## WHAT IS NEEDED
Leave the pictures out. Retype exactly the lines below from the one containing "Torrid Foxy Double" through the one containing "Black oak at", and no others.

## DATA SHOWN
————————

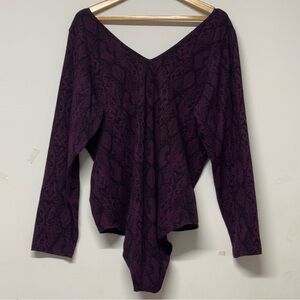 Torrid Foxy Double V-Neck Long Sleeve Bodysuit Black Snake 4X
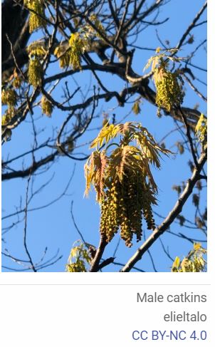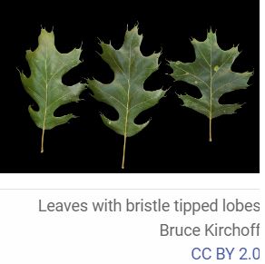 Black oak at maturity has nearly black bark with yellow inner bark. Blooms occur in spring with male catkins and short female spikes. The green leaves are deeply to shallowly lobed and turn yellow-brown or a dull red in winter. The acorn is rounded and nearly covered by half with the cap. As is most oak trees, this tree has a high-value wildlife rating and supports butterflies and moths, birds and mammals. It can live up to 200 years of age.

————————

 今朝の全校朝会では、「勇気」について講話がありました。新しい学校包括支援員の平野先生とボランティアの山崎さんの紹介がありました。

————————

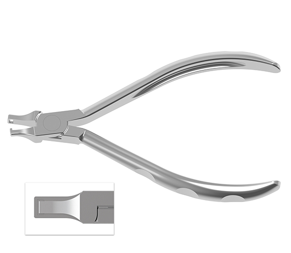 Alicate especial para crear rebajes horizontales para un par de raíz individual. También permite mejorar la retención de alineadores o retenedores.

————————

## EXERCISE ANSWER
 Torrid Foxy Double V-Neck Long Sleeve Bodysuit Black Snake 4X
 Black oak at maturity has nearly black bark with yellow inner bark. Blooms occur in spring with male catkins and short female spikes. The green leaves are deeply to shallowly lobed and turn yellow-brown or a dull red in winter. The acorn is rounded and nearly covered by half with the cap. As is most oak trees, this tree has a high-value wildlife rating and supports butterflies and moths, birds and mammals. It can live up to 200 years of age.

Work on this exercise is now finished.